An Irish woman and a Hungarian woman went to London…so begins this tale of Irish-Hungarian queer collaboration. In June 2016 Orla Egan, Cork LGBT Archive, and Anna Borgos, Labrisz, both presented papers at the ALMS (Archives, Libraries, Museums, Special Collections) LGBT Conference in London. I was talking about my work in developing the Cork LGBT Archive, while Anna talked about establishing a Hungarian Lesbian Herstory Archive, on a panel alongside Ruanr and Tone from Skeivt arkiv in Norway.
The ALMS LGBT Conference was amazing and stimulating and created many opportunities for connections and collaborations amongst people and organisations working on queer history and archival projects.
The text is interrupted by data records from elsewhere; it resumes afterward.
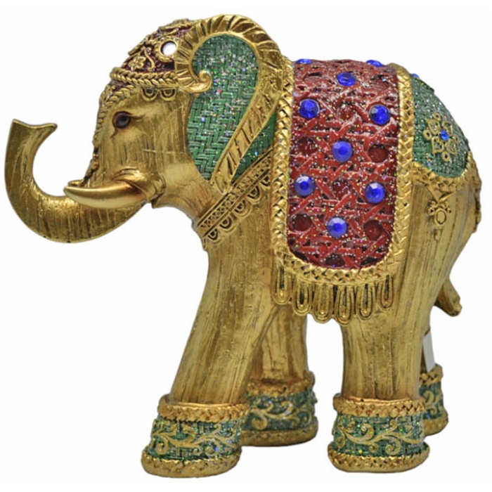 Φιγούρα διακοσμητική Ankor Με σχέδιο ελέφαντα Σε χρυσό χρώμα Με κόκκινες και πράσινες λεπτομέρειες Με έθνικ σχέδιο Υλικό: πολυεστέρας Διαστάσεις: 13x5.5x12εκ. ..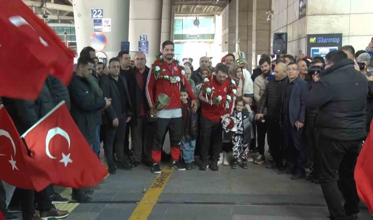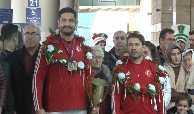 Avrupa Güreş Şampiyonası erkekler serbest stil 125 kilo finalinde Gürcistanlı Petriashvili’yi 5-4 yenerek 11. kez altın madalyayı kazanan Taha Akgül ile turnuvayı şampiyon tamamlayan Serbest Stil Güreş Milli Takımı, Ankara Esenboğa Havalimanında coşkuyla karşılandı.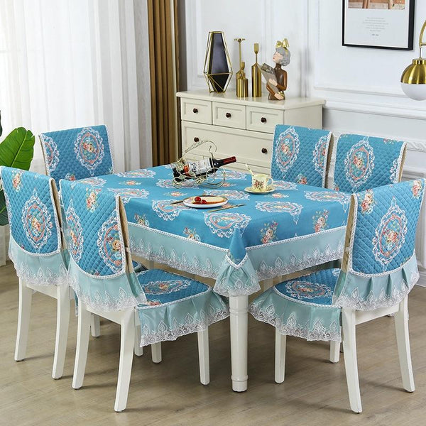 Home Dining Table/Chair Non-Slip Cover, Size: 150x200cm Tablecloths(Flower In The Mirror Blue)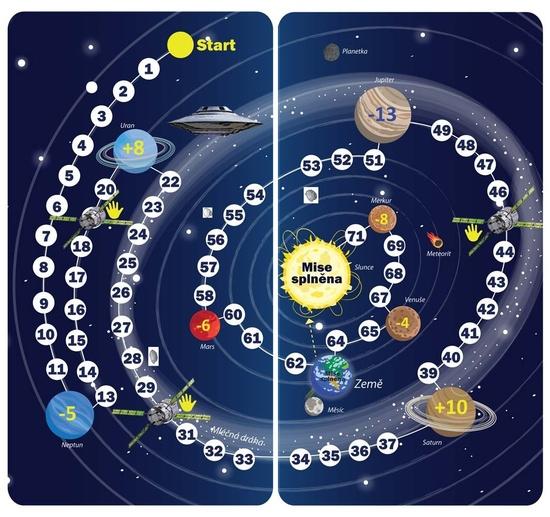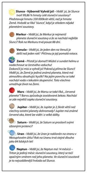 Výhercem se stává hráč, který jako první přistane na Slunci. Hráči se navíc dozví zajímavosti o jednotlivých planetách v naší Sluneční soustavě. Věk: 5+. Počet hráčů: 2-4.

Following the conference Anna and I kept in touch and exchanged further information about our projects. Then in January 2017 I met with another member of Labrisz, Mária Kristófy (Kymi), in Cork. Kymi’s story is one of those told in Secret Years, the Labrisz oral history project. The Secret Years documentary, video archive and book tell the stories of Hungarian lesbian women and provides a unique insight into their experiences.
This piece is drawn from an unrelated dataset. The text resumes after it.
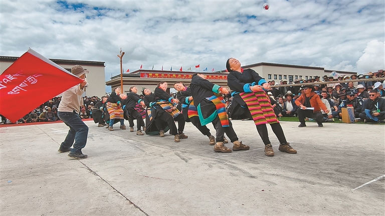 “達瑪”藏語意為“跑馬射箭”。每年的達瑪節(jié),賽馬都會吸引十里八鄉(xiāng)的人們前來觀賽。賽馬場上人頭攢動,隨著發(fā)令聲響,一匹匹駿馬如離弦之箭沖出起跑線,騎手俯身貼在馬背上,揚鞭馳騁,你追我趕,奮勇爭先。觀眾席上,人們隨著比賽節(jié)奏,時而激動,時而安靜,時而歡呼,時而嘆息。藏族阿媽次仁卓嘎難掩激動,她告訴記者,幾乎每年都會和家人來看賽馬。賽場上,選手們堅韌不拔、昂揚向上的精神風(fēng)貌讓人動容,也激勵著一代又一代英雄城兒女為祖國發(fā)展繁榮而不懈奮斗。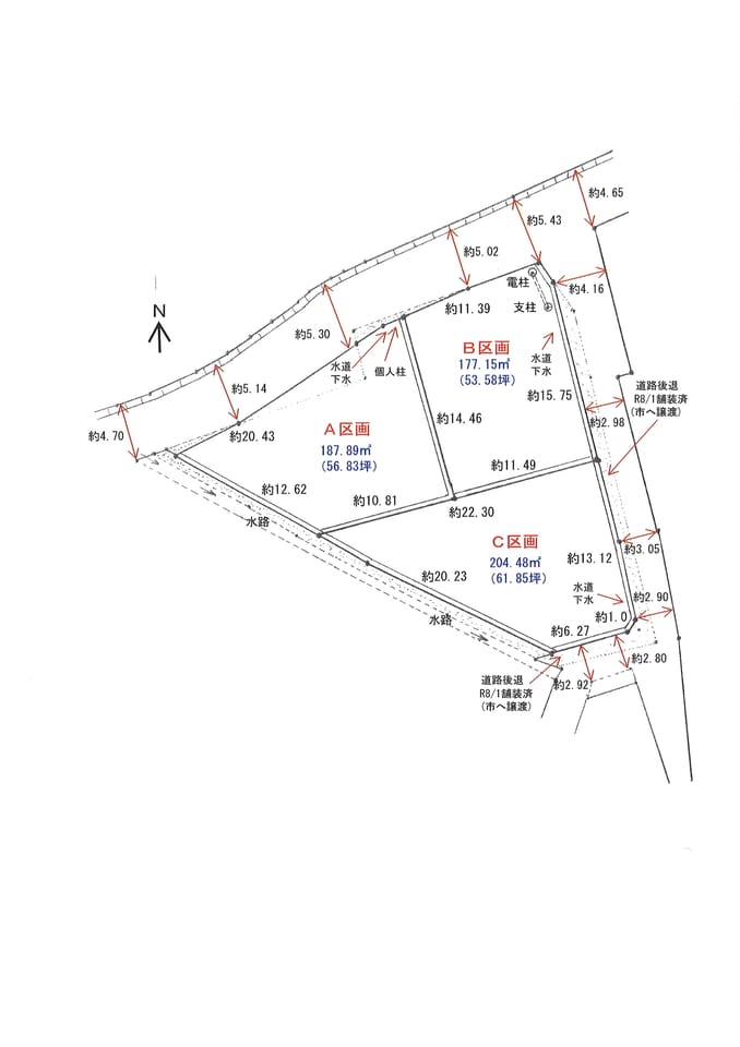 | 備考 | ■地目⇒宅地■地積⇒登記簿上(実測済)■水道⇒新規引込管(PP20)■下水道⇒新規に取付マス設置■防災関係⇒浸水想定区域内(土砂法・液状化は該当無)■立地適正化計画⇒居住誘導地域■電柱支柱の有無⇒B区画の北東角に電柱・支柱各1あり■固定資産税等負担金⇒有(引渡時日割)■L型擁壁あり(南側の擁壁はB所有)■帯コン(東側市道沿いはB所有)■東と南側市道は後退済(R8/1月に舗装済)■学区⇒小井川小学校・東部中学校(東側道向いは長地小学区域)■建基法22・準防火地域など該当しない |

On Kymi’s visit to Cork I took her to the Quay Co-op, central to LGBT and radical activism in Cork in the 1980s, and to visit Linc, Cork’s community centre for lesbians and bisexual women, further cementing the Irish-Hungarian connections.
In developing a digital archive for the Cork LGBT Archive I have sought to develop a model which could be replicated by other community groups. One of the barriers to the development of community digital archives is the perception that to do so is expensive and requires extensive digital and technological skills. I therefore strove to develop a low-cost, low-tech model which could be used by other groups. However, I had yet to test this model. I needed to find out if it was easy to share the knowledge in a workshop and support a community group to use this model to establish their own digital archive.
Labrisz has an impressive lesbian oral history project but had not yet developed a digital archive. Building on the Irish-Hungarian connections, we decided that I would come to Budapest to deliver a workshop on Developing a Digital Archive. A travel grant from the UCC History Department enabled this trip to happen.